5 Bahasa Daerah di Indonesa yang Paling Sulit untuk Dipelajari, Termasuk Minang?
5 Bahasa Daerah di Indonesa yang Paling Sulit Untuk Dipelajari, Termasuk Minang ?--
RADARUTARA.ID - Ada 5 bahasa daerah di Tanah Air yang dianggap paling sulit untuk dipelajari.
Ada beberapa penyebabnya, salah satunya kosakata dan pengucapannya yang berbeda.
Lalu ada pula tanda baca yang bisa mempengaruhi pelafalannya.
Berikut ini beberapa bahasa daerah di Indonesia yang dianggap paling sulit untuk dipelajari, diantaranya:
1. Bahasa Batak
Kenapa bahasa Batak tergolong sulit untuk dipelajari?
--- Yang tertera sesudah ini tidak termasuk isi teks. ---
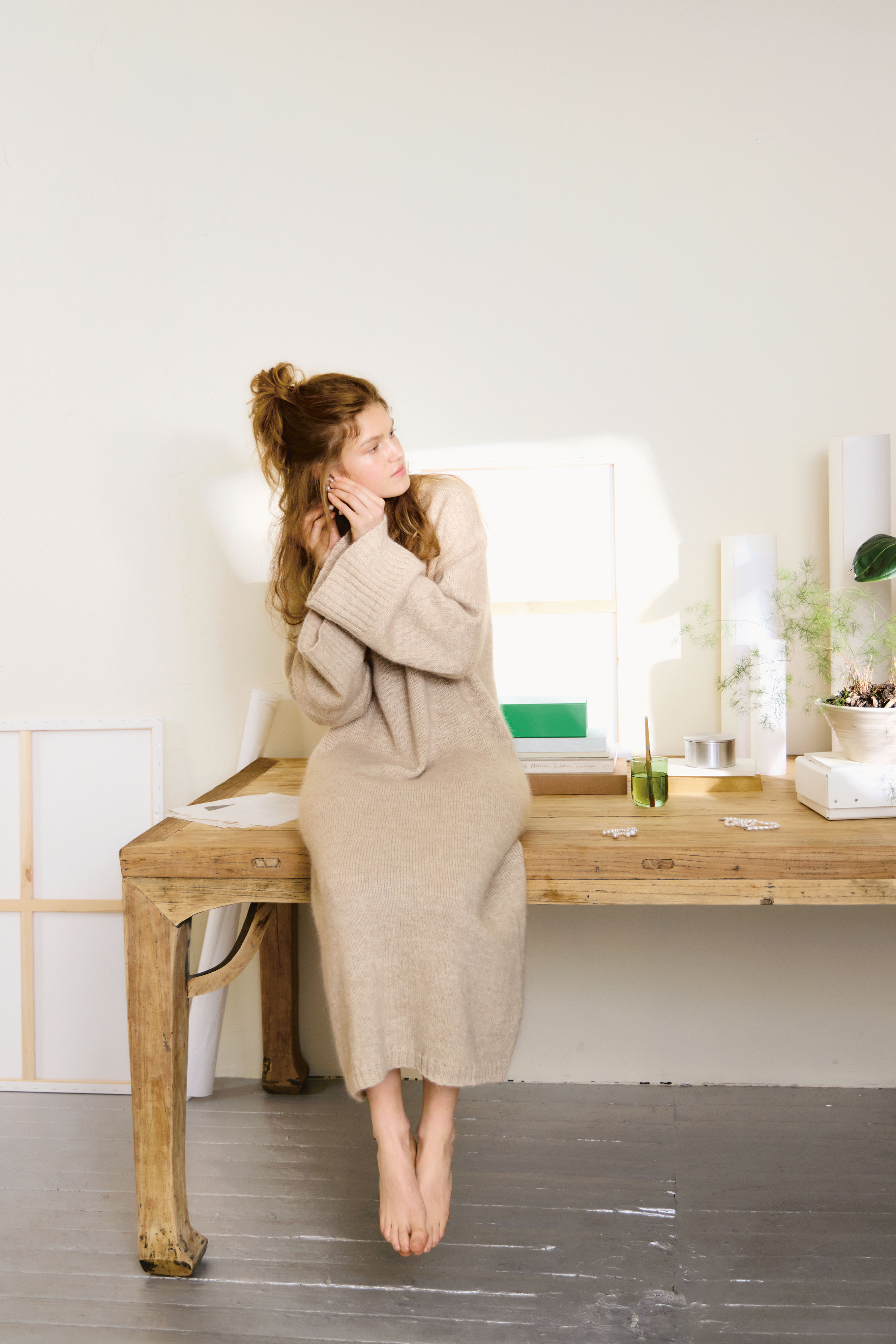 Halskanten strikkes til slutt i vrangbord og brettes dobbel mot vrangsiden.
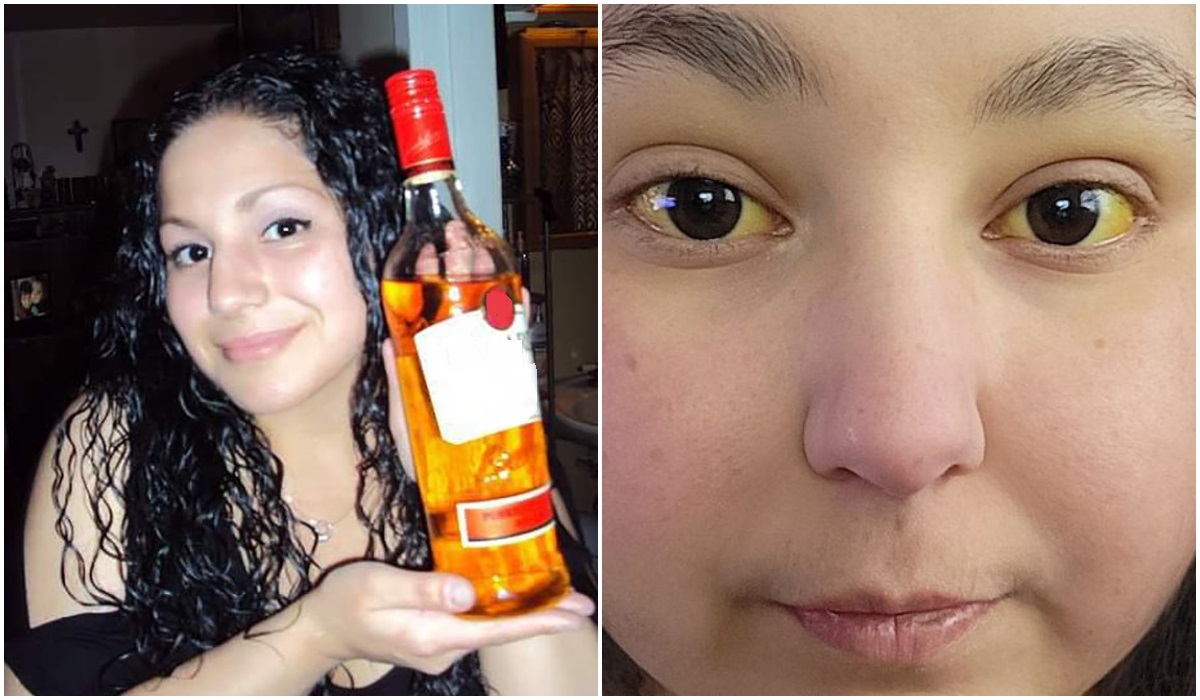 O mamă care a devenit dependentă de alcool fără să își dea seama cum a fost șoccată când alcoolismul ei i-a făcut ochii să se îngălbenească.

Itu karena kosa kata dalam bahasa Batak cukup rumit, dengan intonasi dan pelafalan setiap kosa katanya yang tidak mudah sehingga membuat bahasa ini menjadi sangat sulit untuk dipelajari, bahkan oleh orang Batak itu sendiri.
2. Bahasa Banjar
Sama seperti bahasa Batak, bahasa Banjar juga tergolong sulit untuk dipelajari lantaran mempunyai banyak dialek, namun pada umumnya bahasa Banjar dibagi menjadi 2 main sub dialek yang masih akan dibagi lagi.
Ketika mempelajarinya, butuh pendengaran yang jelas, serta pelafalan yang tepat.
Karena, bahasa ini mempunyai kosa kata yang cukup sulit untuk diucap dan didengar, sehingga harus teliti dan telaten ketika mempelajari bahasa ini.
3. Bahasa Aceh
Bahasa Aceh termasuk bahasa yang sulit dipelajari karena kosakatanya yang sedikit berbeda dengan pelafalannya, serta penulisan kosakatanya juga terbilang cukup unik dan tidak mudah dimengerti bagi orang yang baru ingin belajar.